◆ EXERCISE PROMPT
Print a faithful copy of the data below, word for word, with the pictures left out.

** DATA BELOW follows **

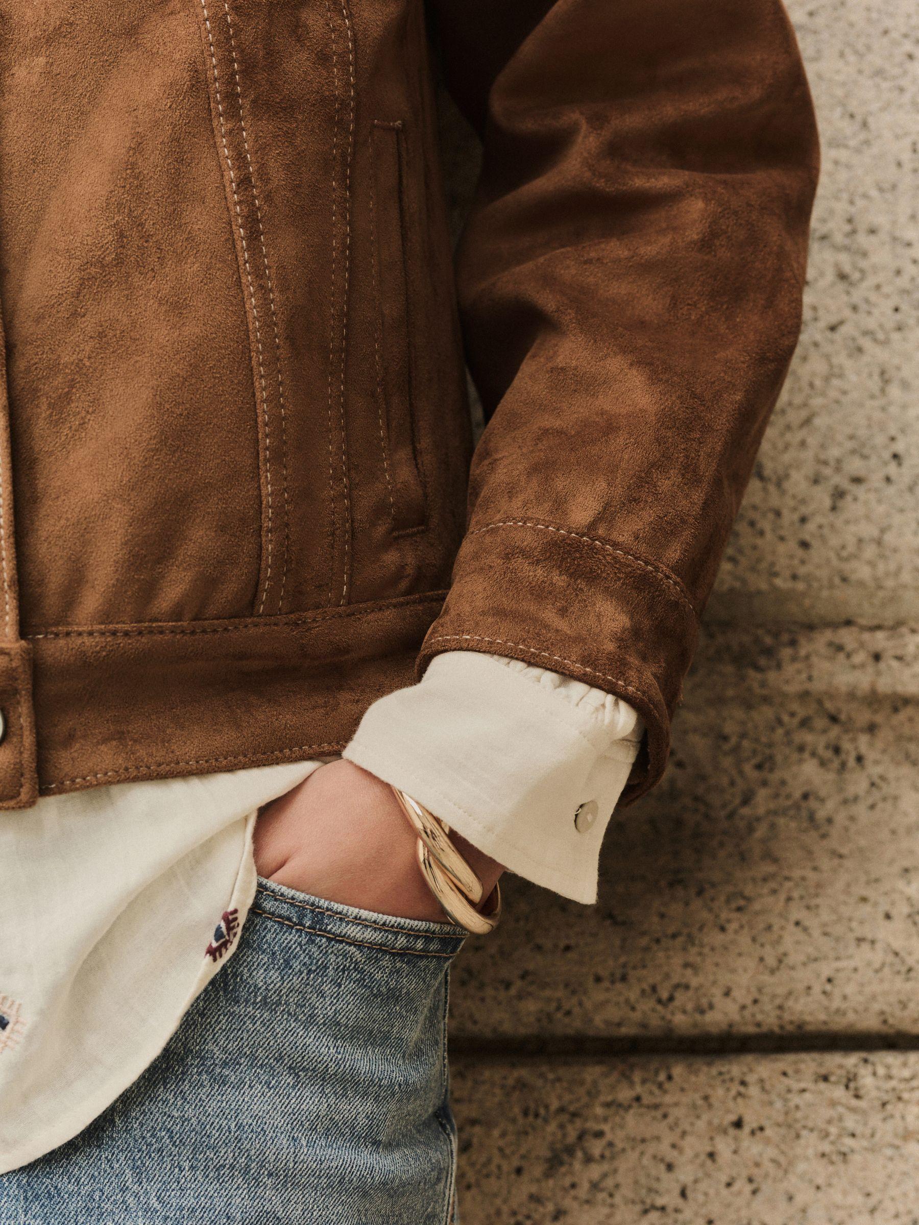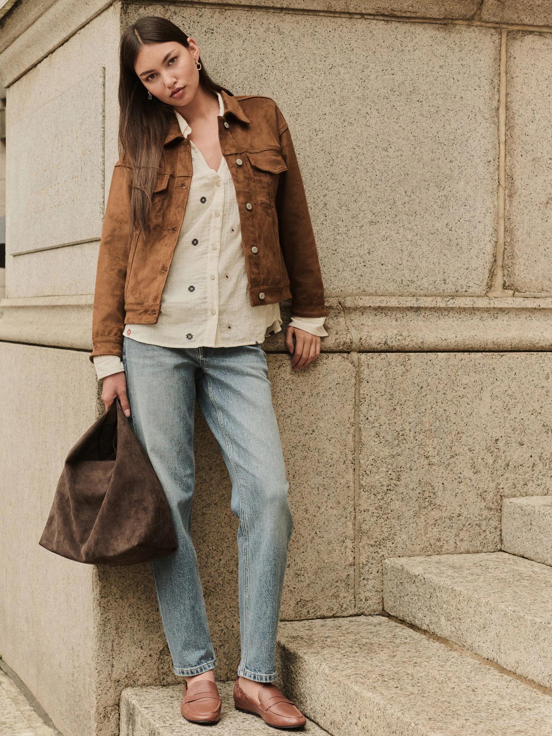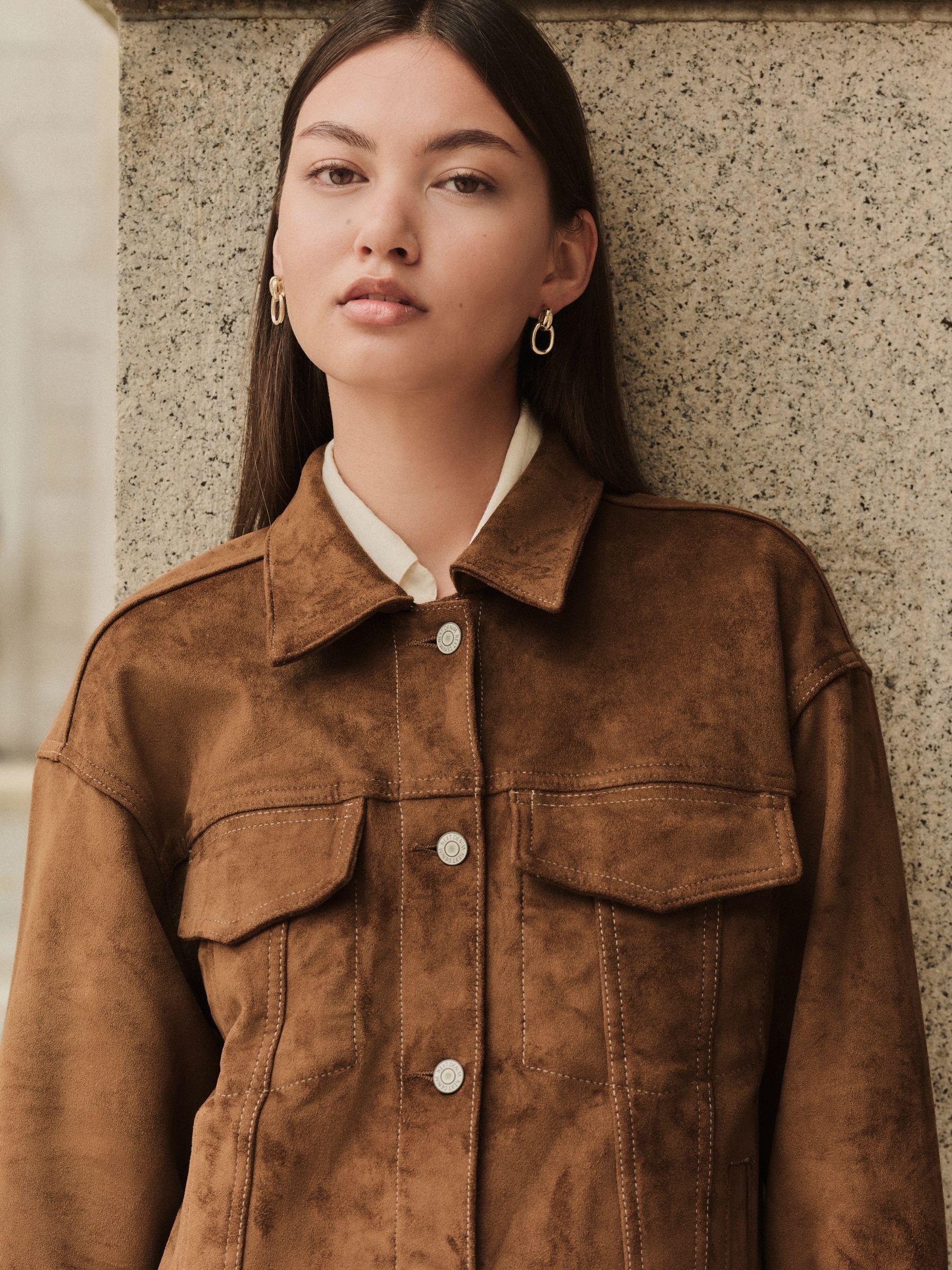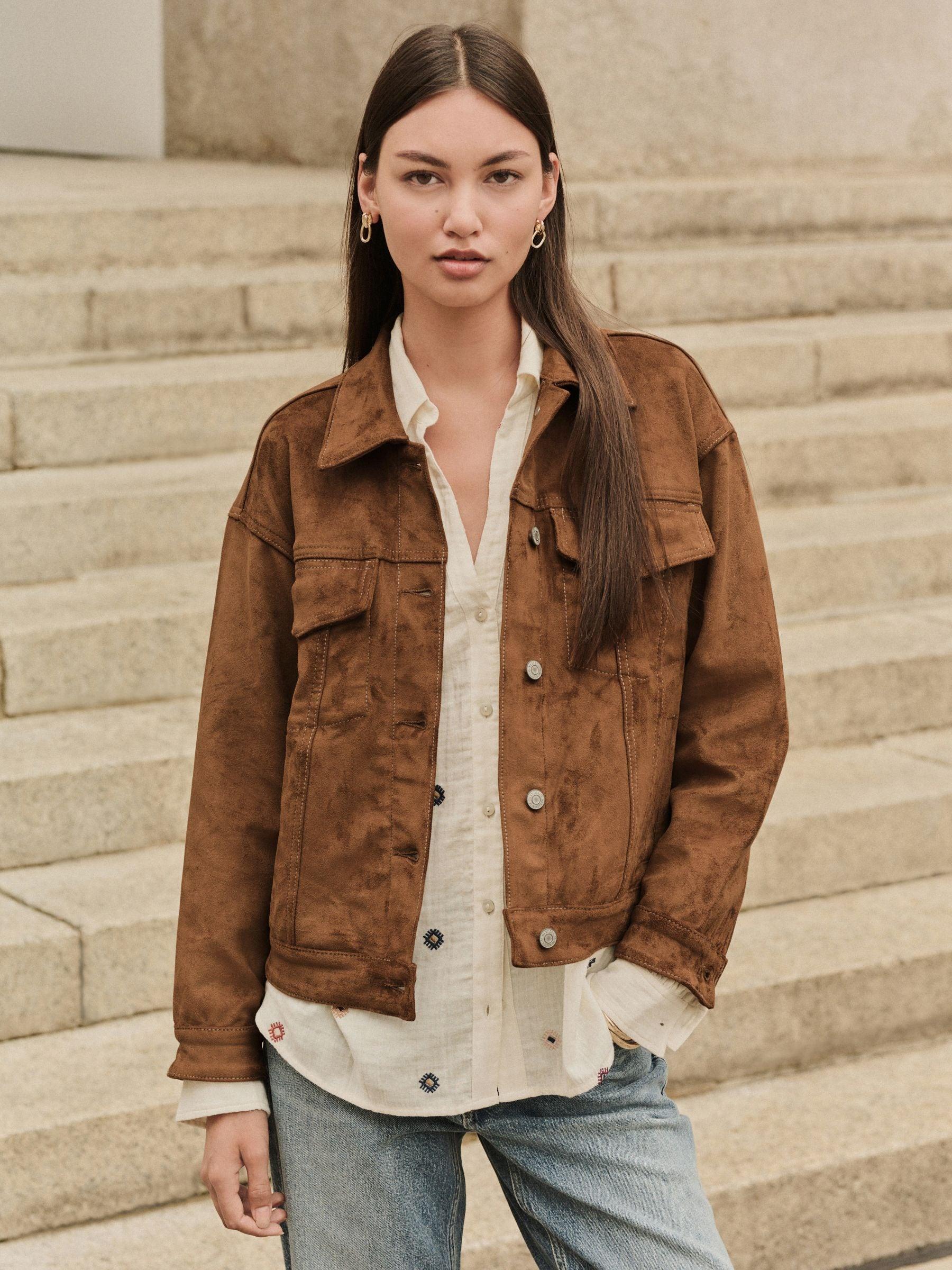 Tan Brown N. Premium Faux Suede Trucker Jacket
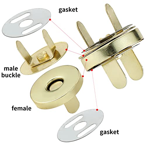 JAZZEEL - JAZZEEL Magnetic Button Clasps, 50 Sets of 14mm Snap Closures for Purses, Bags, and Clothing, Gold Color, Easy to Sew Fasteners for Handmade Crafts, Leatherworking, and DIY Bag Making
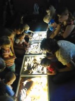 На занятиях дети знакомятся с различными материалами (гуашь, акварель, уголь, восковые мелки, пастель, фломастеры, карандаши) и техниками изображения (работа по сырому листу, гризайль, мозаика, гравюра и т.д.).
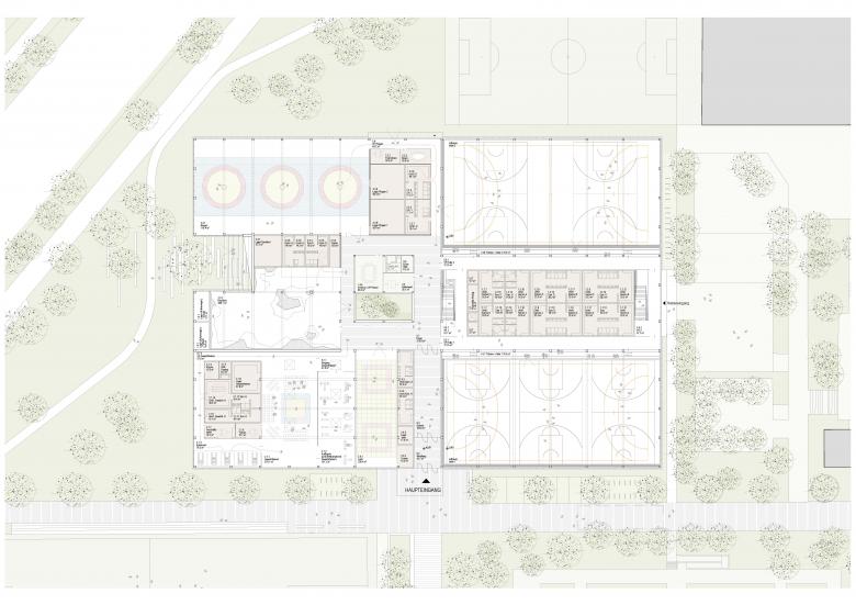 Die Sportflächen der beiden Doppelsporthallen liegen unterhalb der Eingangsebene und sind über eine großzügige Treppe und barrierefrei über einen Aufzug an diese angebunden. Viel natürliches Licht dringt über die seitlichen großzügigen Verglasungen in die Sportbereiche ein. Das schafft eine lichte und freundliche Atmosphäre im neuen Sportforum. Ein zweiter, zu den beiden öffentlichen Schulen gewandter Eingang, ermöglicht es den Schülern unmittelbar vom geschützten Schulgelände aus, den Bereich der Zweifachhallen zu betreten. Die Umkleiden sowie die Tribünen befinden auf der Eingangsebene des neuen Sportforums und die Lagerflächen für die vielfältigen Sportarten in der Hallenebene.

** End of DATA BELOW **

◆ YOUR RESPONSE
 Tan Brown N. Premium Faux Suede Trucker Jacket
 JAZZEEL - JAZZEEL Magnetic Button Clasps, 50 Sets of 14mm Snap Closures for Purses, Bags, and Clothing, Gold Color, Easy to Sew Fasteners for Handmade Crafts, Leatherworking, and DIY Bag Making
 На занятиях дети знакомятся с различными материалами (гуашь, акварель, уголь, восковые мелки, пастель, фломастеры, карандаши) и техниками изображения (работа по сырому листу, гризайль, мозаика, гравюра и т.д.).
 Die Sportflächen der beiden Doppelsporthallen liegen unterhalb der Eingangsebene und sind über eine großzügige Treppe und barrierefrei über einen Aufzug an diese angebunden. Viel natürliches Licht dringt über die seitlichen großzügigen Verglasungen in die Sportbereiche ein. Das schafft eine lichte und freundliche Atmosphäre im neuen Sportforum. Ein zweiter, zu den beiden öffentlichen Schulen gewandter Eingang, ermöglicht es den Schülern unmittelbar vom geschützten Schulgelände aus, den Bereich der Zweifachhallen zu betreten. Die Umkleiden sowie die Tribünen befinden auf der Eingangsebene des neuen Sportforums und die Lagerflächen für die vielfältigen Sportarten in der Hallenebene.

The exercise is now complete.